Safety of prothrombin complex concentrate for emergency surgery according to the oral factor xa inhibitor level Free

Background: The incidence of thrombotic events after use of 4-factor prothrombin complex concentrate (4F-PCC) for oral factor Xa inhibitors-(XaI)-associated major bleeding is 3-4% and 5% in a study on 4F-PCC for XaI and emergency surgery. Rapid anti-Xa assays are seldom available, prompting clinicians to frequently administer 4F-PCC empirically. It is unknown if the thrombotic risk increases when pre-operative levels are low or unmeasured.

Methods: We analyzed retrospectively all patients that received 4F-PCC between September 2018 and July 2024 at the hospitals in Hamilton, Canada, and screened for those with emergency surgery/invasive procedure as main indication. The PCC used was almost exclusively Octaplex (Octapharma). The primary outcomes were symptomatic or asymptomatic, objectively verified arterial or venous thromboembolism within 7 days from PCC infusion. The secondary outcome was the same but between day 8 and 30 postoperatively, at which timepoint other causes than preoperative PCC may be more prominent. XaI levels were determined with an anti-Xa assay, calibrated with the respective DOAC used by the patient. All-cause mortality within 30 days was also captured. The study was approved by Hamilton Integrated Research Ethics Board.
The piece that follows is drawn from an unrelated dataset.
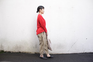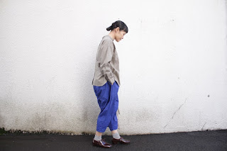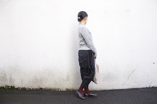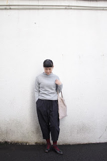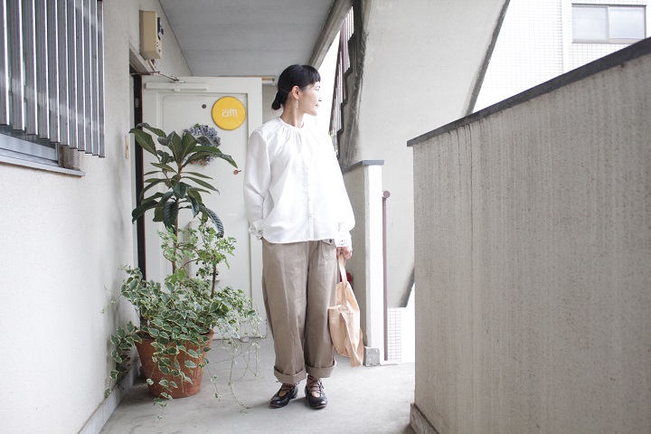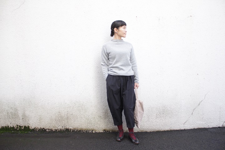 股上の深いボトムスに着丈のやや長めなビッグシルエット。

Results: PCC at a median dose of 2000 units (interquartile range, 2000-2000) was administered to 224 patients on apixaban (142; 63%), rivaroxaban (71; 32%) or edoxaban (11;5%) for emergency surgery or invasive procedures. Mean age was 74 years and 42% were female. Postoperative prophylaxis against venous thromboembolism was started promptly in 184 patients (82%) after a median of 1 day (interquartile range, 1-2). Among 36 patients with high XaI levels, defined as at least 75 ng/mL there was 1 pulmonary embolism (3%); 24 patients with low levels had no events; 164 patients without any level measured had 7 events (4%) within 7 days, consisting of 5 myocardial infarctions, 1 DVT, 1 cerebral infarct. Two additional cerebral infarcts were deemed to be caused by compressive intracerebral hematomas that were evacuated. Events between day 8-30 were only in the group with no level – 3 deep vein thrombosis, 1 pulmonary embolism, 1 arterial thrombus. There were 8 deaths (22%) in the XaI high-level group, 2 (8%) in the low-level group, and 15 (9%) in the no-level group.

Conclusion: The risk of thromboembolic events after 4F-PCC for management of hemostasis in patients on XaI and emergency surgery/invasive procedures appears to be similar among patients with preoperative drug levels that are high, low or not measured. These findings support the safe use of PCC in settings where rapid anti-Xa testing is unavailable.